Pochłonęła z zawrotną szybkością to, co miała na talerzu, ciągle dziękując brunetce, że nie przeszła obok niej obojętnie i jej pomogła. Tylko co dalej? Pożegnamy się, pewnie już więcej jej nie spotkam, ale ciągle będę się zadręczać, co się z nią stało… jeden obiad jej życia nie uratuje… cholera… Zapytawszy się, czy dziewczyna chce coś jeszcze zjeść, wyciągnęła z kieszeni portfel i zostawiła na stole niewielką kwotę z napiwkiem.

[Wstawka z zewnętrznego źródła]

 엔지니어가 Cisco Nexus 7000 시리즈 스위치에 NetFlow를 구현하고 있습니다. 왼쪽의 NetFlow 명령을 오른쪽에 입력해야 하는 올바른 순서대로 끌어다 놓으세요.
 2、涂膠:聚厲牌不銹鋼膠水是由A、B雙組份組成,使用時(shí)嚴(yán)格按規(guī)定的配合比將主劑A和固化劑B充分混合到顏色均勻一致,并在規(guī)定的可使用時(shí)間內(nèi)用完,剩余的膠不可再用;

Zawahała się i sięgnęła jeszcze po resztę pieniędzy, które miała w środku.

- Weź… nie starczy ci na długo, ale nie mam więcej przy sobie…

- O-och… nie mogę… j-już pani za mnie teraz zapłaciła i w ogóle… t-to za dużo… - patrzyła się na siedemdziesiąt dolarów, które leżały przed nią – nie mogę zabrać pani…

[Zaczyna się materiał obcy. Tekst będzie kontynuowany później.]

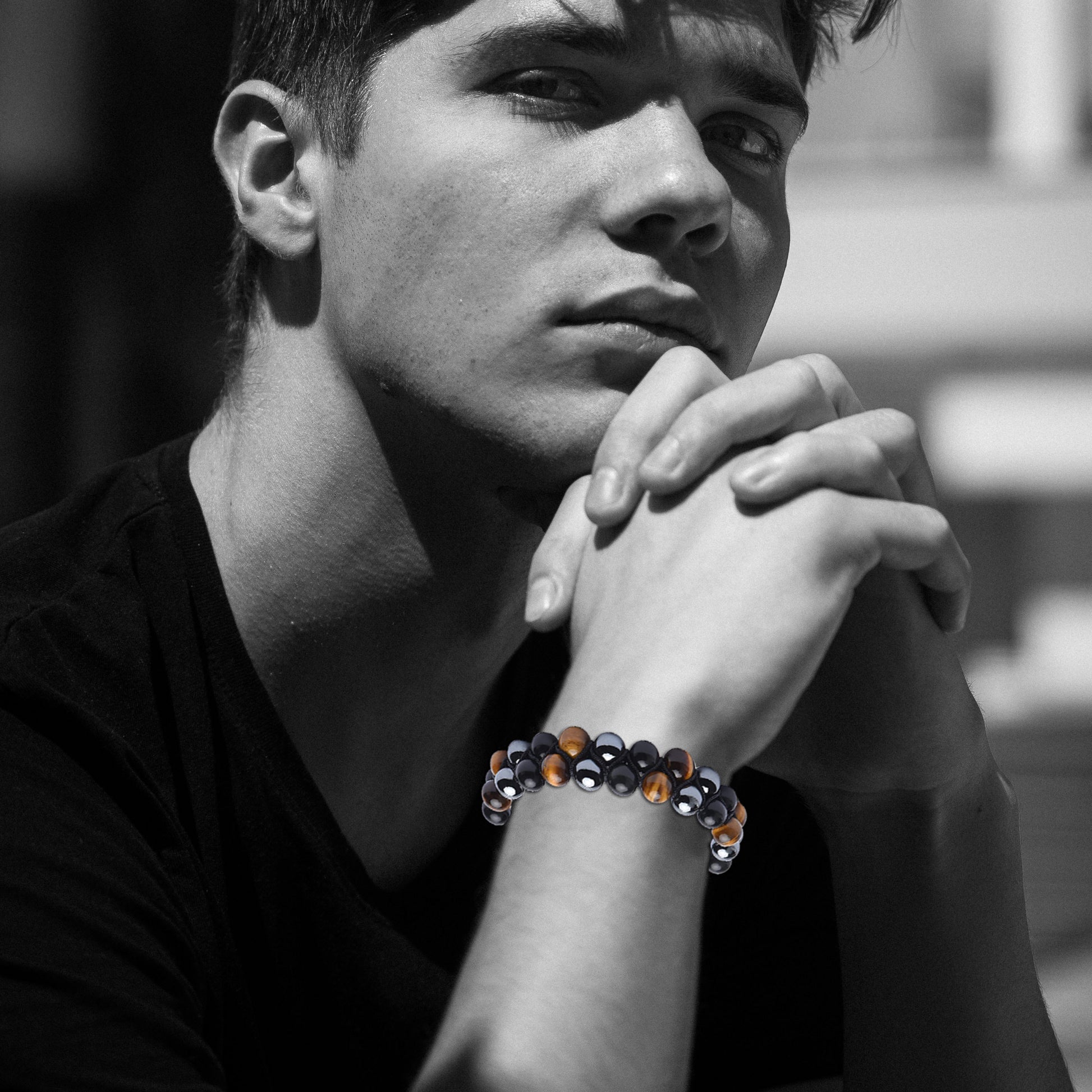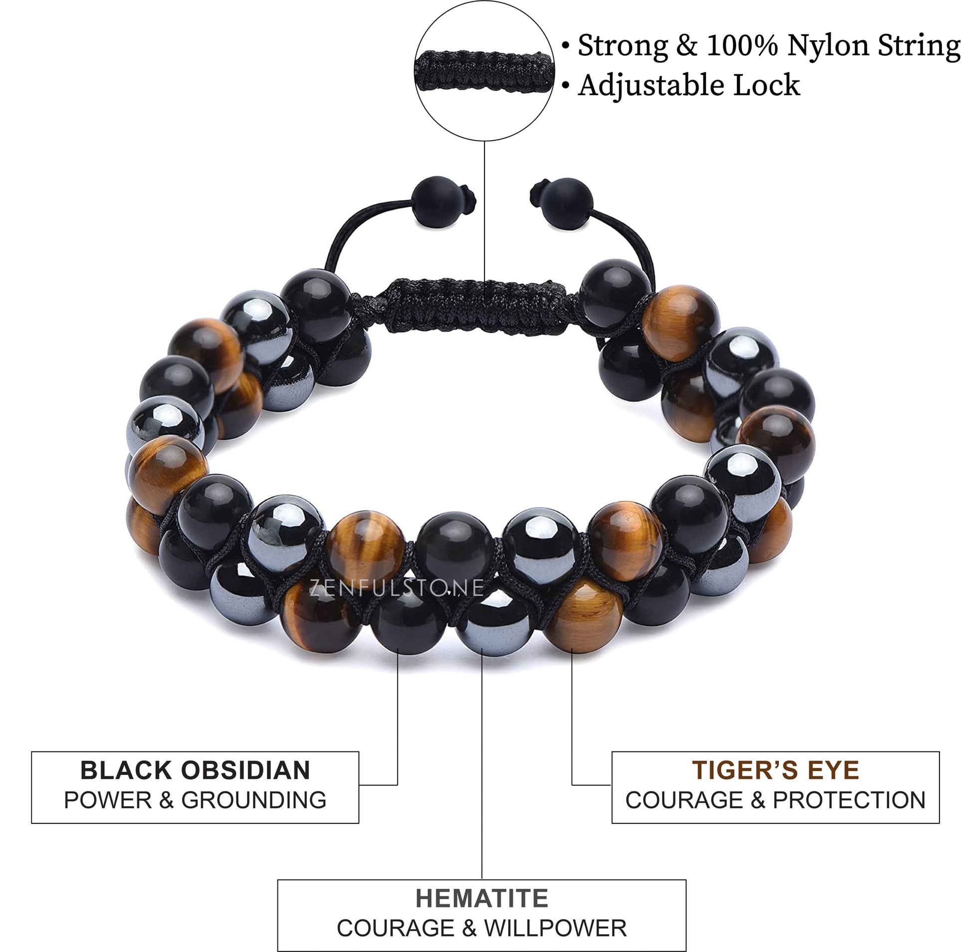 - DOUBLE-LAYER HANDMADE - The Triple Protection Bracelet combines the most powerful crystal stones Tigers eye, Obsidian & Hematite. We hand-select each natural stone for its beauty and metaphysical properties and have braided these triple healing stone beads together. The combination of all three powerful crystal stones increases their effectiveness. THIS ADUSTABLE CORD is fit for wrist sizes around 6.7-9.0 inches (17-23cm) The strings to adjust the size to be very sturdy and easy to slide.

- Żadna pani, naprawdę… - uśmiechnęła się lekko do młodszej o sześć lat dziewczyny – mój chłopak nie miałby nic przeciwko, że ci je dałam… on nawet nie kontroluje, ile i na co wydaję jego pieniądze…

- Nie wiem, jak ci się odwdzięczę… - powiedziała drżącym głosem, gdy opuszczały restaurację – j-ja… och… - patrzyła z niedowierzaniem na banknoty – d-dziękuję…

- Nie masz za co… nic takiego nie zrobiłam… - sięgnęła do kieszeni i wyciągnęła jakąś kartkę – czekaj chwilę… - zaczepiła przechodzącą niedaleko nich kobietę i zapytała, czy ma długopis – masz… zadzwoń, gdybyś czegoś potrzebowała – wcisnęła w ręce nastolatki karteczkę, na której przed chwilą naskrobała dwa numery – ten pierwszy do mnie, a drugi do mojej przyjaciółki, siostry mojego chłopaka…

- Och… co się stało? – zapytała, gdy Marta nagle złapała się za brzuch i skrzywiła – dobrze się czujesz?

- Ałć… - wymamrotała i wzięła głęboki oddech – to tylko skurcz…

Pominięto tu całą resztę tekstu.